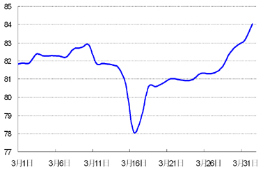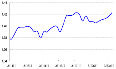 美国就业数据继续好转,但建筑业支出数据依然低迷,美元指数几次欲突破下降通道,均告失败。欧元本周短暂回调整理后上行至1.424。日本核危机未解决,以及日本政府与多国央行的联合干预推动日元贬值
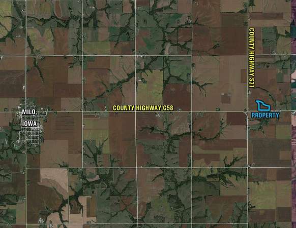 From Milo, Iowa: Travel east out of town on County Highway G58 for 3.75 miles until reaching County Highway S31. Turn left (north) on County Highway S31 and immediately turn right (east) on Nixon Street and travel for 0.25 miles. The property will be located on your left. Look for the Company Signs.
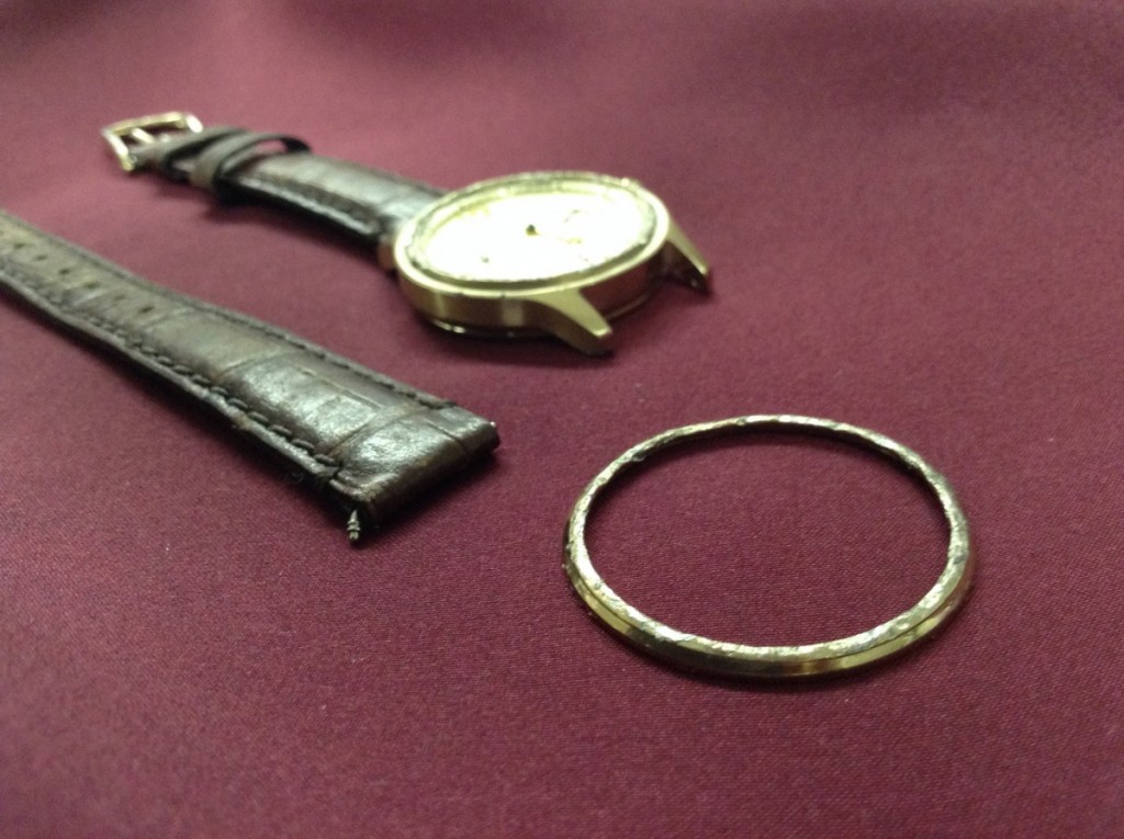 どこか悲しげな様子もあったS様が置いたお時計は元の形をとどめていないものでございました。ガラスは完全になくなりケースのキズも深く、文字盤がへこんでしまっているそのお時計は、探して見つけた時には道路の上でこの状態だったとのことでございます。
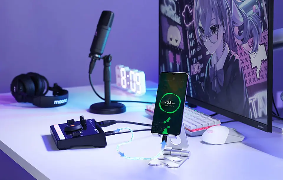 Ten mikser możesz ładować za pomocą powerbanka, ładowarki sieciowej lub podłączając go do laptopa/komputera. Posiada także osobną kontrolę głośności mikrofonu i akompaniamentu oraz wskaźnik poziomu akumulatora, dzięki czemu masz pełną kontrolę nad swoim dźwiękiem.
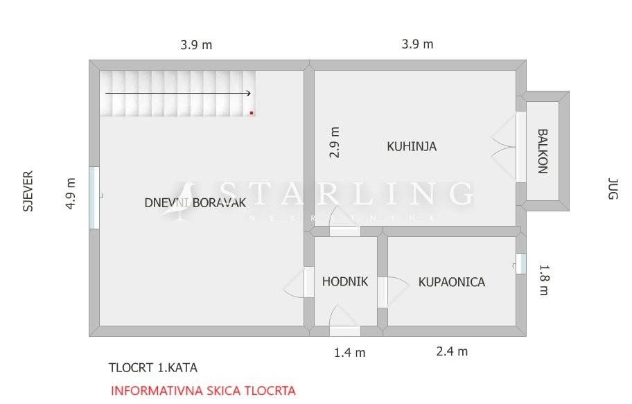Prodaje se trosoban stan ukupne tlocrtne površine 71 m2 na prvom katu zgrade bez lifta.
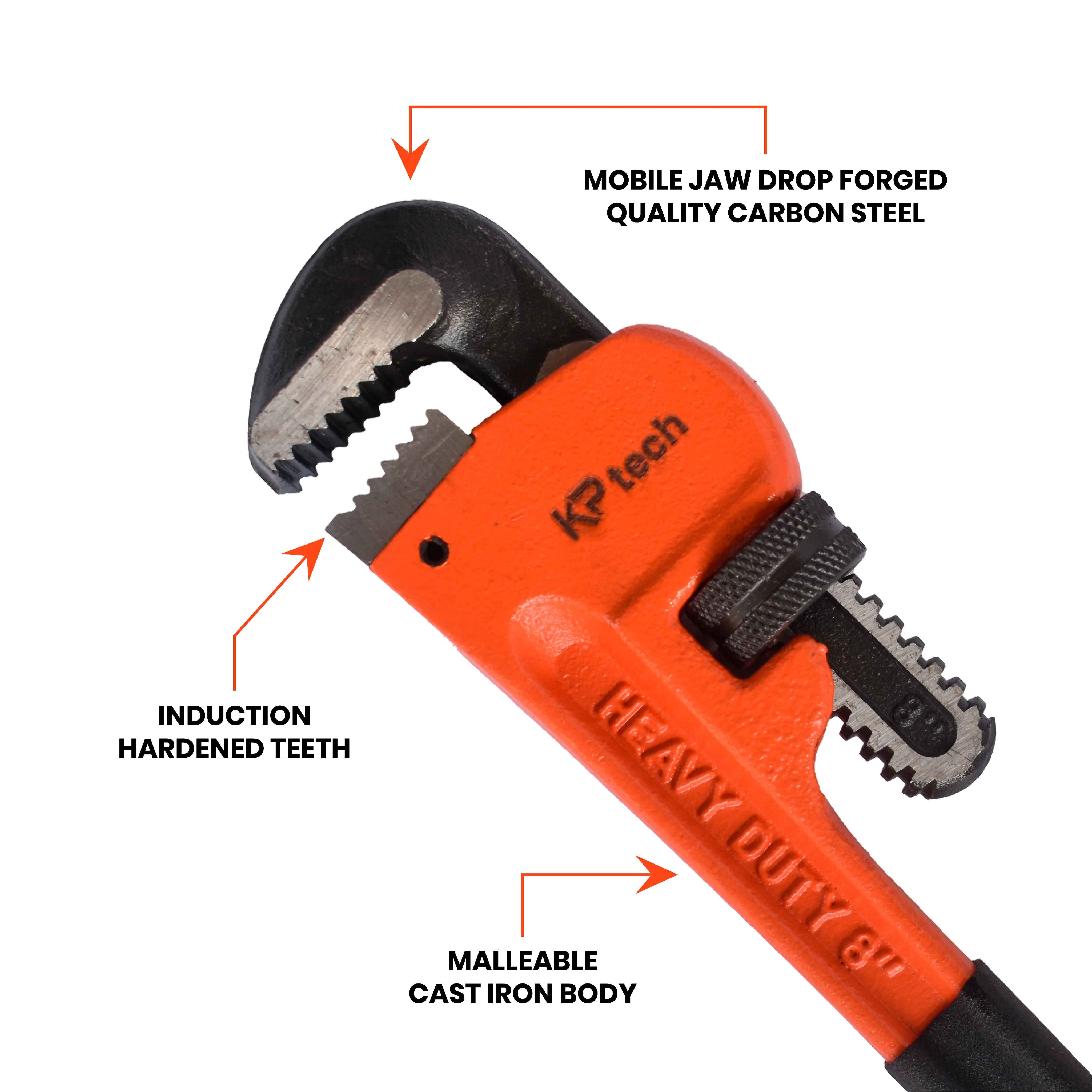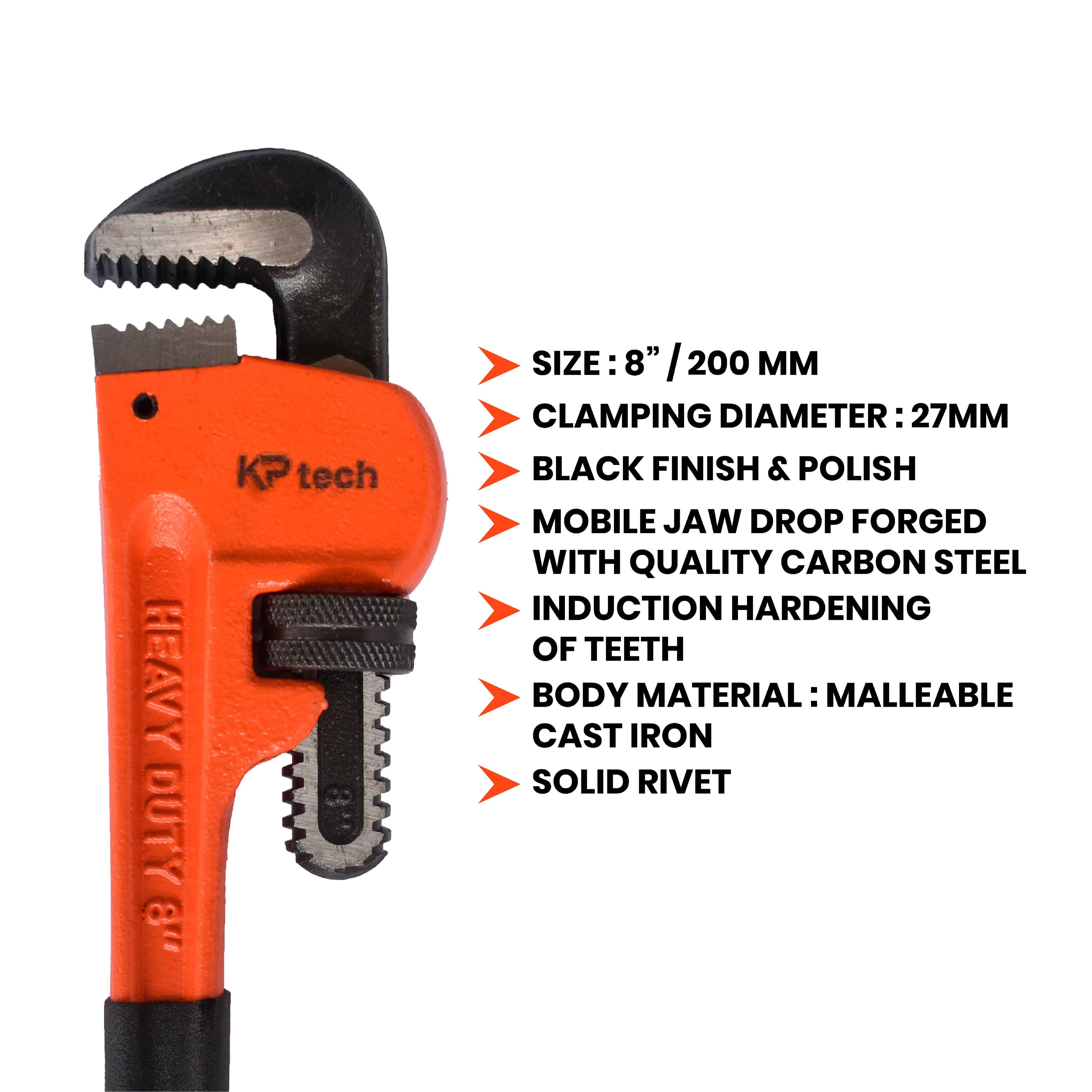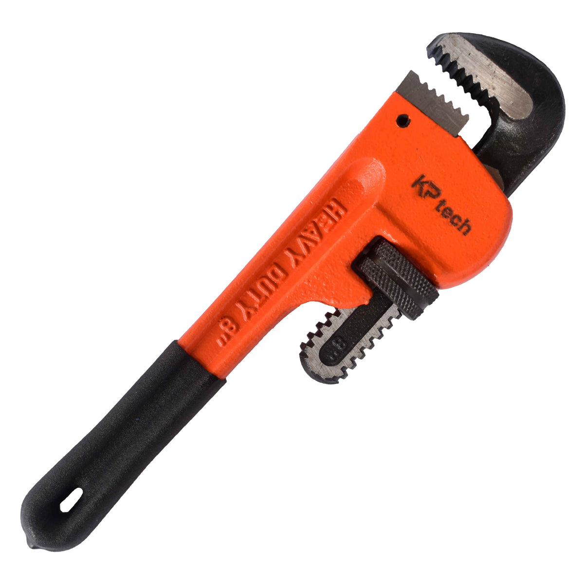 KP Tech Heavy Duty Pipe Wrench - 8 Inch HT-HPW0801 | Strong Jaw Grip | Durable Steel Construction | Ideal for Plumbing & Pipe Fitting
..............................
» **Description of the task**
Set the records down again exactly, and omit any picture in them.

» **The answer**
 美国就业数据继续好转,但建筑业支出数据依然低迷,美元指数几次欲突破下降通道,均告失败。欧元本周短暂回调整理后上行至1.424。日本核危机未解决,以及日本政府与多国央行的联合干预推动日元贬值
 From Milo, Iowa: Travel east out of town on County Highway G58 for 3.75 miles until reaching County Highway S31. Turn left (north) on County Highway S31 and immediately turn right (east) on Nixon Street and travel for 0.25 miles. The property will be located on your left. Look for the Company Signs.
 どこか悲しげな様子もあったS様が置いたお時計は元の形をとどめていないものでございました。ガラスは完全になくなりケースのキズも深く、文字盤がへこんでしまっているそのお時計は、探して見つけた時には道路の上でこの状態だったとのことでございます。
 Ten mikser możesz ładować za pomocą powerbanka, ładowarki sieciowej lub podłączając go do laptopa/komputera. Posiada także osobną kontrolę głośności mikrofonu i akompaniamentu oraz wskaźnik poziomu akumulatora, dzięki czemu masz pełną kontrolę nad swoim dźwiękiem.
Prodaje se trosoban stan ukupne tlocrtne površine 71 m2 na prvom katu zgrade bez lifta.
 KP Tech Heavy Duty Pipe Wrench - 8 Inch HT-HPW0801 | Strong Jaw Grip | Durable Steel Construction | Ideal for Plumbing & Pipe Fitting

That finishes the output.